0

I have a database in production and I would like to run an ETL process to DELETE some records (200 millions) of the database but since the database is in FULL model every time I try to run the ETL the Logs file get out of space.

In order to avoid that I would like to change the recovery model to simple, after I have done the process of cleaning the table I will put the recovery in full model again.

Of course before start the process I will backup the Database.

There is any Problem doing that, any recommendations??

Any assistance in this regard will be greatly appreciated.

JC_BI
  • 419
  • 1
  • 5
  • 16

2 Answers2

1

Switching the recovery model back and forth is a bad idea. It is very easy to get the database into a bad state and could easily void out your database backups.

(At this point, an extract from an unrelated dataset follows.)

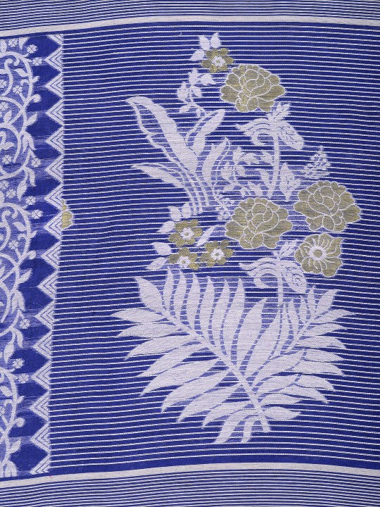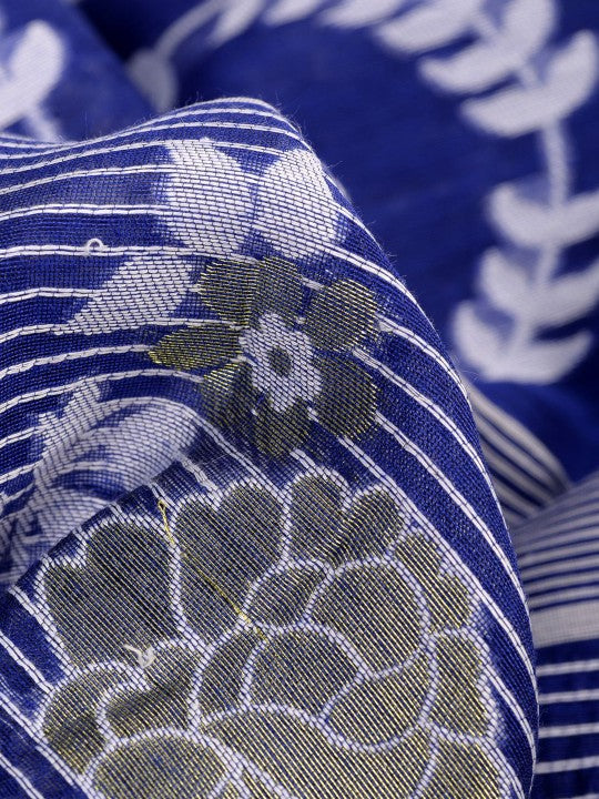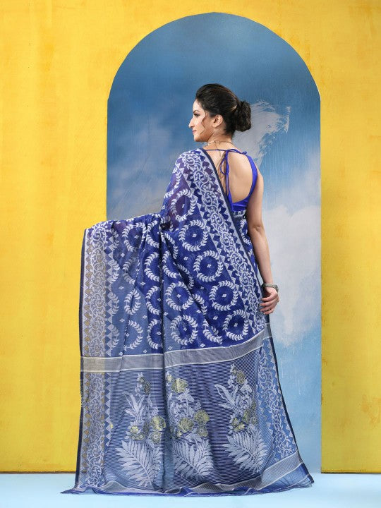 | Design Details | Blue and white jamdani saree with woven design border and zari detail |

First option would be to get more storage so that as the log grows, you won't run out of the space. Sometimes this easier said then done so your next option would be to run a transaction log backup at a set interval while the ETL is running. This will allow transactions to be committed and for you to keep the log file from filling up. This will additional disk I/O so performance may suffer from this. The third option (one I prefer and use frequently in these situations) is do all of my ETL processing in a staging database where the recovery is set to SIMPLE. The last step of the ETL is to simply update the production database with cleaned data.

tj-cappelletti
  • 1,774
  • 12
  • 19
  • Do you think doing update will be faster thank delete? – JC_BI May 02 '18 at 21:10
  • There are a lot of factors to consider such as disk performance, keys and indexes. It's certainly possible, but hard to say without knowing more details about the table structures and the ETL process. – tj-cappelletti May 02 '18 at 23:11
0

It is about how often you are updating data and whether you need to recover to a particular point in time. For example, if your database is populated once-daily ETL batch then you're better off keeping the database in the SIMPLE recovery model and performing a full or differential back up after the batch completes.

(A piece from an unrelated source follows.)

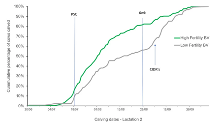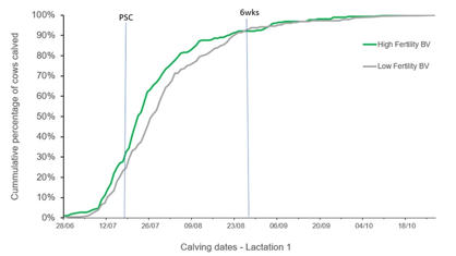 The key drivers for the greater 6 week In-Calf rate in high Fertility BV cows were substantially greater:

Also, you would typically perform bulk loads in a Datawarehouse ETL process, and FULL recovery can hinder performance due to every transaction being fully logged. If you need point-in-time recovery, and have chosen the FULL recovery model, then you may want to consider switching to the Bulk-logged recovery model for the duration of your ETL process, so that your bulk operations are minimally logged. Reference

ASP
  • 666
  • 4
  • 9